Abstract

How does international law have influence and impact in and on the world? Daniel Joyce’s new book asks this question from a viewpoint that has received surprisingly limited scholarly attention: the role of the media and an engaged public. A wide-ranging and original work, the book raises pivotal questions about power and legitimacy, patterns of influence, and agency. My reading rests on my disciplinary specialisation at the intersection of anthropology—in particular the study of international organisations, documents, bureaucracy, and expertise1—and international law, complemented by research on the history of human rights and human rights education.2 Joyce’s book is loosely divided into two distinct areas of inquiry. The first of these regards the long, complex, and still-evolving path of media regulation under international law. My attention is drawn to the book’s second part, particularly Chapters 4–6, in which he discusses the role of an informed public and informed media in the sustained legitimacy and influence of international law.
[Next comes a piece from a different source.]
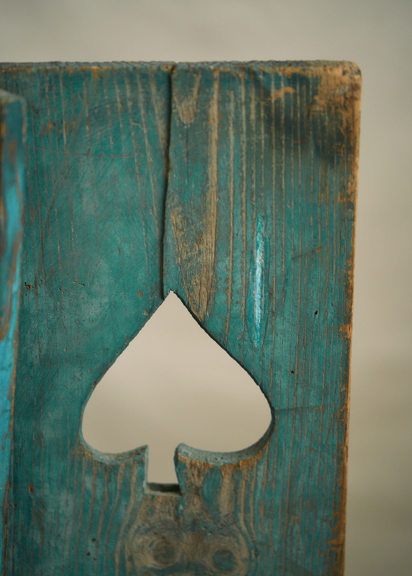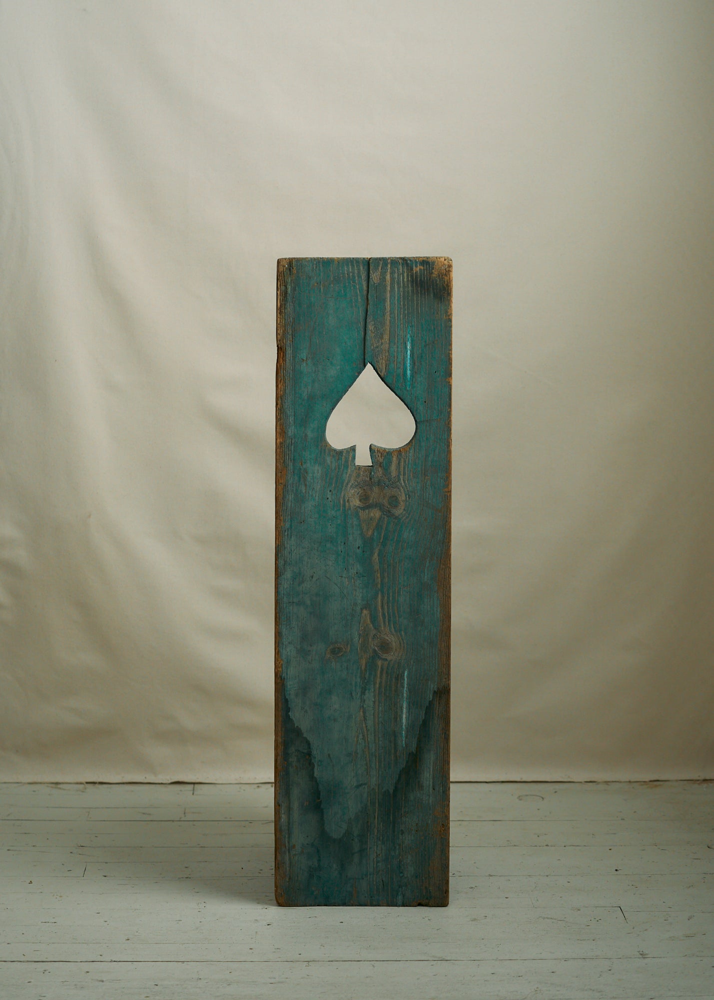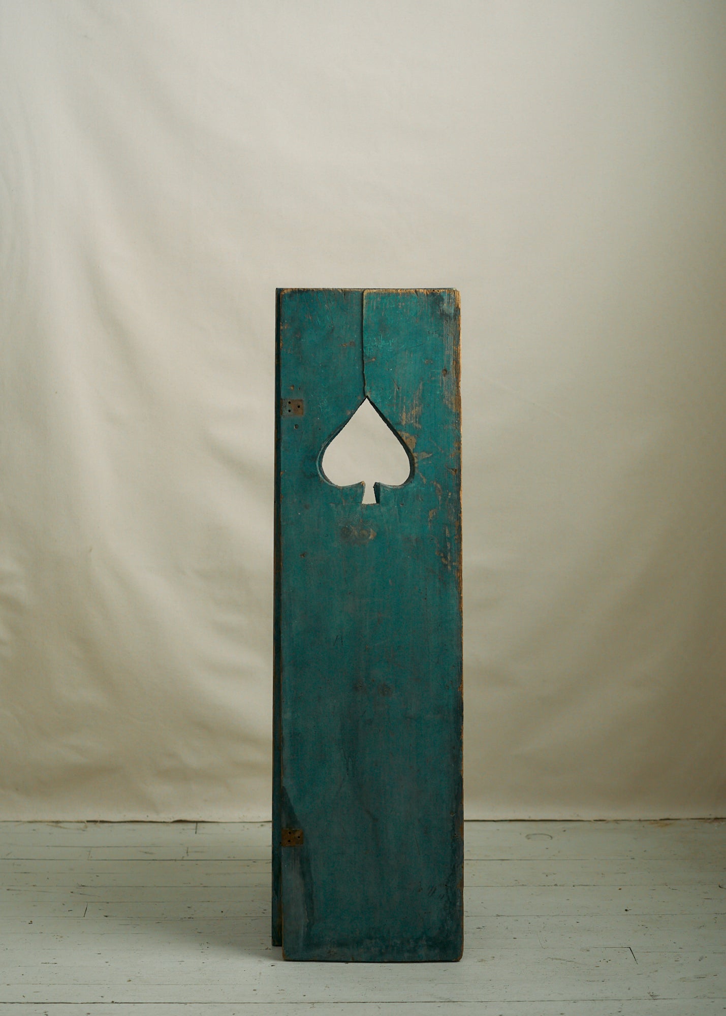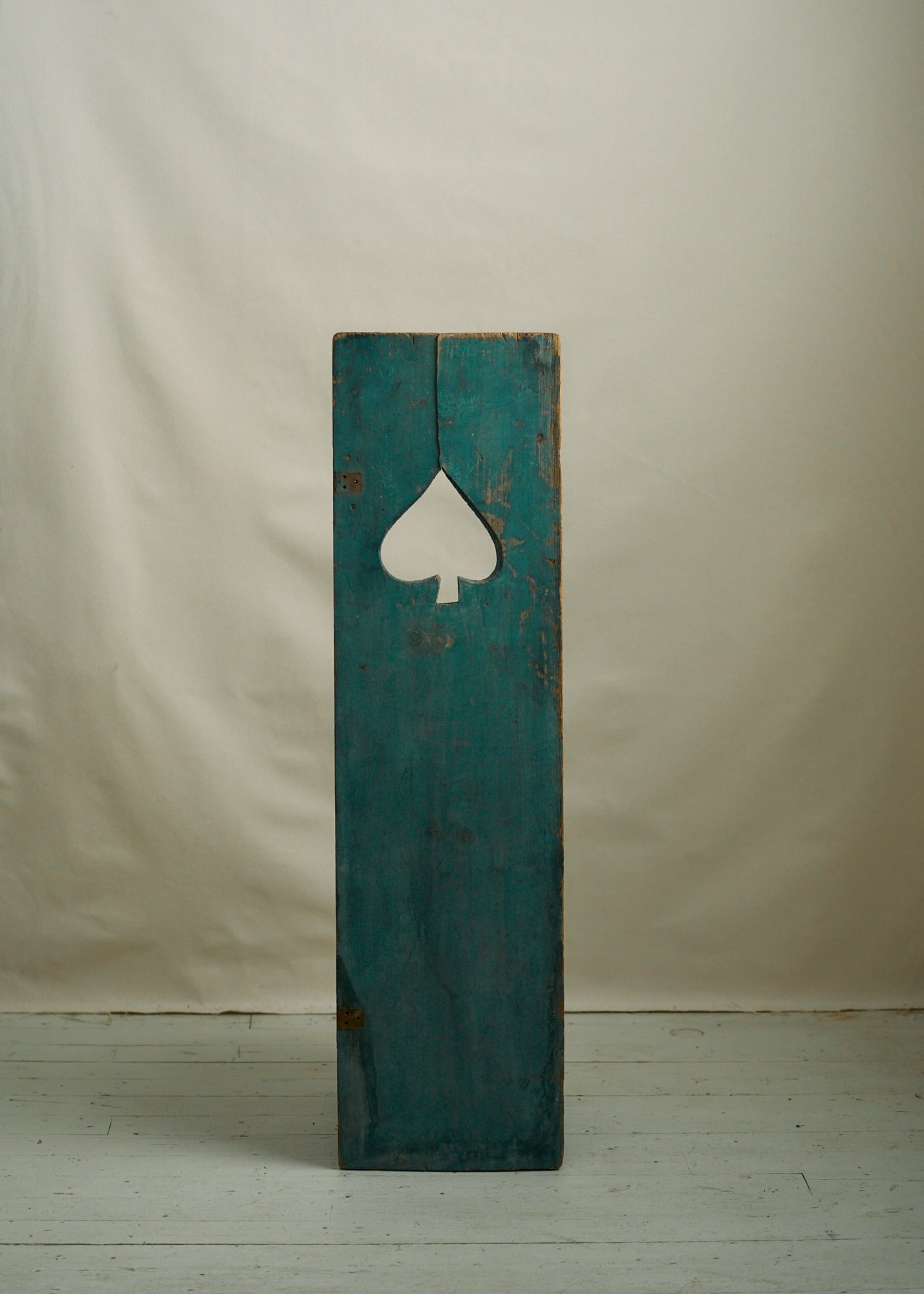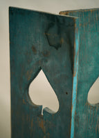 A unique pair of early 20th century wooden shutters with spade cutout. Faded blue green paint. Use in a cottage remodel or simply hang on the wall as art. Sold as a set.

In this essay, I will bring Joyce’s book into conversation with my ethnography of the UN Human Rights Committee, the treaty body that monitors state compliance with the International Covenant on Civil and Political Rights (ICCPR).3 Specifically, I will connect the book with previously untheorised fieldnotes of an NGO coalition meeting at the Palais Wilson, the headquarters of the UN Office of the High Commissioner for Human Rights (UN OHCHR) in Geneva.4 In the meeting, NGO delegates—who, in the sessions of the Human Rights Committee, very much occupy the role of an ‘enlightened public’—discussed the issuing of a press release following the Constructive Dialogue between a state party and the Human Rights Committee in which the periodic report submitted by the state is discussed.